Rising mortgage rates spark surge in home renovation loans

Home improvement loans now make up 9.7% of all secured lending.

Related topics:  Second charge,  Renovation
Rozi Jones | Editor, Financial Reporter
18th June 2025
house renovation home first-time buyers ftb

A growing number of UK homeowners are choosing to renovate their existing homes rather than move, with new data from Pepper Money revealing a marked increase in the use of second charge loans to fund home improvements.

Faced with high mortgage rates, steep relocation costs and limited housing supply, homeowners are finding smarter ways to adapt their homes for changing needs - driving a national trend towards 'improve, don’t move'. 

Monthly UK search demand for 'home improvement' rose by 19% last quarter, with more than 76,000 searches recorded in April 2025 alone.

According to Pepper Money’s customer data, home improvement loans now account for 9.7% of all borrowing, making them the second most popular reason for taking out a loan in the UK. The average loan value for home improvements was £33,795.

Birmingham (13.4%), Sheffield (9.5%), and Cardiff (9.1%) are leading the way in demand, as rising house prices and economic pressures push homeowners to invest in their current properties rather than relocate.

It’s no surprise that London leads the way in cost of home improvement borrowing, with an average loan size of £61,867. Higher property values in the capital mean homeowners are more willing — and often need — to invest significant sums to enhance their homes, whether through loft conversions, extensions, or major refurbishments.

Brighton (£44,548) and Manchester (£43,322) follow closely behind, reflecting the ongoing trend in high-demand urban areas where moving costs are prohibitive and improving an existing property often makes better financial sense. In these cities, where house prices have remained resilient and space is at a premium, investing in a home upgrade can offer a smarter route to long-term value growth.

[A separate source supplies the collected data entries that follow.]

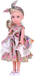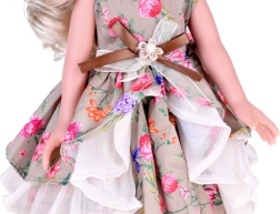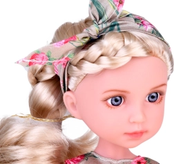 Questa affascinante bambola è la scelta perfetta per ogni piccola appassionata di moda. Con lunghi capelli biondi intrecciati in una treccia elegante, indossa un raffinato abito floreale adornato da balze, completato da una fascia floreale e scarpette bianche. Lo stile complessivo è semplicemente mozzafiato!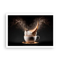 Póster - Una taza de café con una explosión dinámica de líquido sobre un fondo negro. - 100x70cm - Una explosión de sabor - Decoración de pared moderna para salón y dormitorio ARTTOR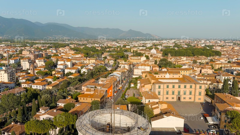 Пиза, Италия. знаменитая наклонная башня и пизанский собор в Пьяцце-дей-Мираколи. лето. вечерние часы, воздушный вид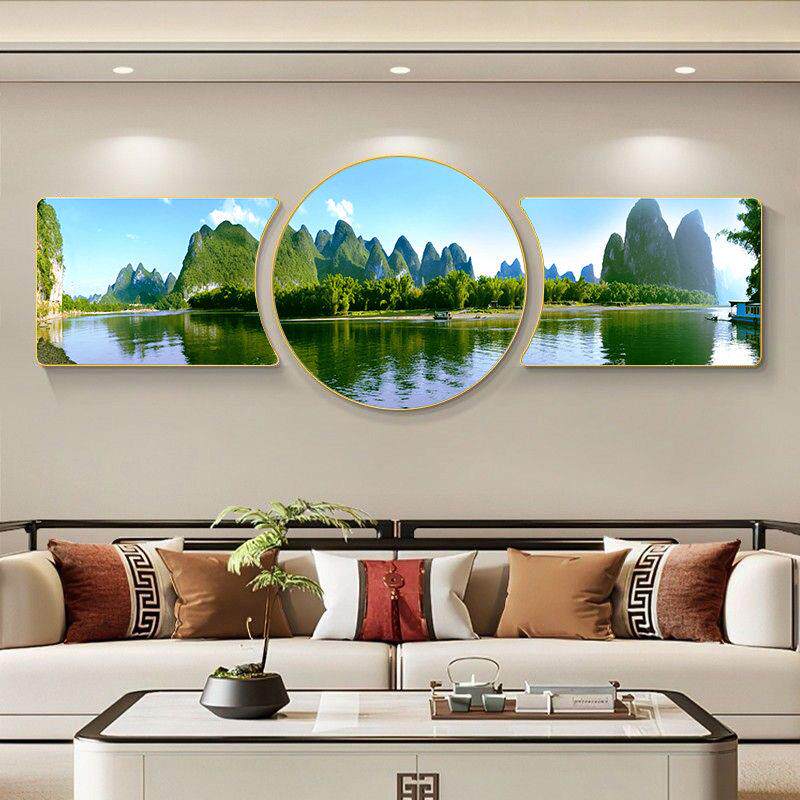 青山绿水客厅装饰画沙发背景墙挂画现代大气三联画自然风景山水画
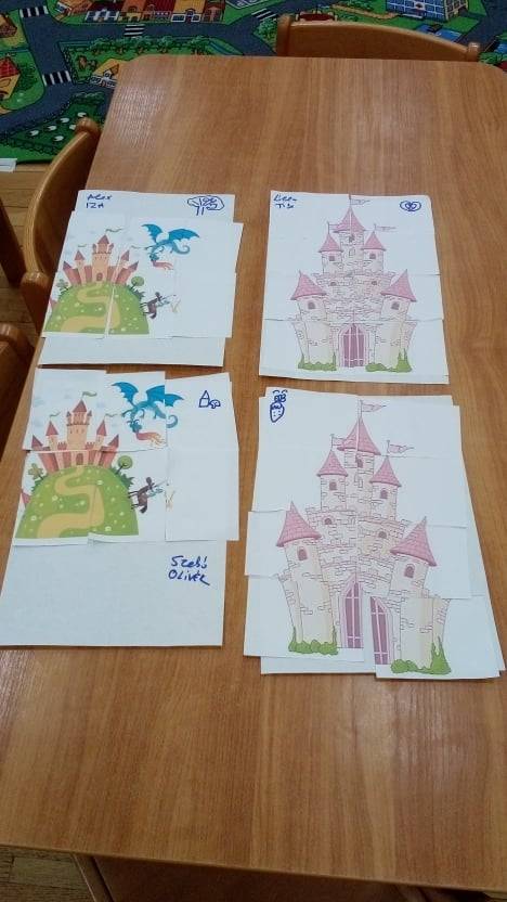 A mesét kérdések és válaszok formájában dolgoztuk fel. Ezek után egy kinyomtatott vár darabjait kellett a gyetrekeknek megkeresni a csoportszobába, amit utánna felragasztottunk a falra is.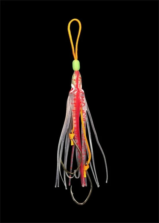 Dieses Rig gibt es in vier verschiedenen Farben. Es ist ausgestattet mit zwei extra starken Haken der Größe 2/0. Die Gesamtlänge beträgt 18cm, wobei die Länge der Oktopusse 12cm beträgt. Die einzelnen Oktopusse sind alle stark UV leuchtend, 12cm lang und sind mit einer Leuchtperle versehen, was für zusätzlichen Lockreiz sorgt. Diese Beifänger können überall dort eingesetzt werden, wo zusätzlicher Lockreiz entstehen soll.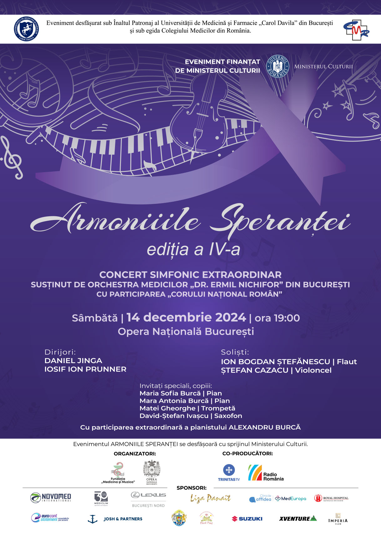 In anul 2025, pe 6 decembrie, pe scena Ateneului Roman a avut loc cea de a V-a editie a Concertului Extraordinar ARMONIILE SPERANTEI unde s-au reunit medici muzicieni din numeroase centre universitare ale tarii sub egida Orchestrei Medicilor din Romania, continuand traditia de a uni lumea medicala prin muzica in sprijinul cauzelor umanitare.

Data from Pepper Money shows that while projects like loft conversions can cost up to £75,000, they can add up to 20% to a home’s value — around £53,664, based on the UK’s average house price of £268,319. 

Ryan McGrath, director of secured loans at Pepper Money, commented: “With mortgage rates remaining high and moving costs continuing to rise, more homeowners are choosing to stay put and invest in upgrading their current homes rather than relocating. At Pepper Money, we’re seeing a growing number of customers taking out secured loans to fund major renovation projects — from loft conversions to energy efficiency upgrades — that add both comfort and value.

"Choosing how to finance a home improvement project is an important decision. The right approach can not only transform your living space but could also boost the value of your property. Whether it’s through remortgaging, taking out a loan, or using savings, it’s vital to find a solution that fits your financial goals and circumstances.

"Depending on your situation, a secured loan may enable you to borrow anything from £5k to £1m with repayment terms of 3 to 30 years which means you can minimise your monthly repayments, with the amount available based on factors like your credit history, financial situation, and property equity. Whereas you may find an unsecured loan is limited to £25,000 over five years which means your monthly repayments will be high.”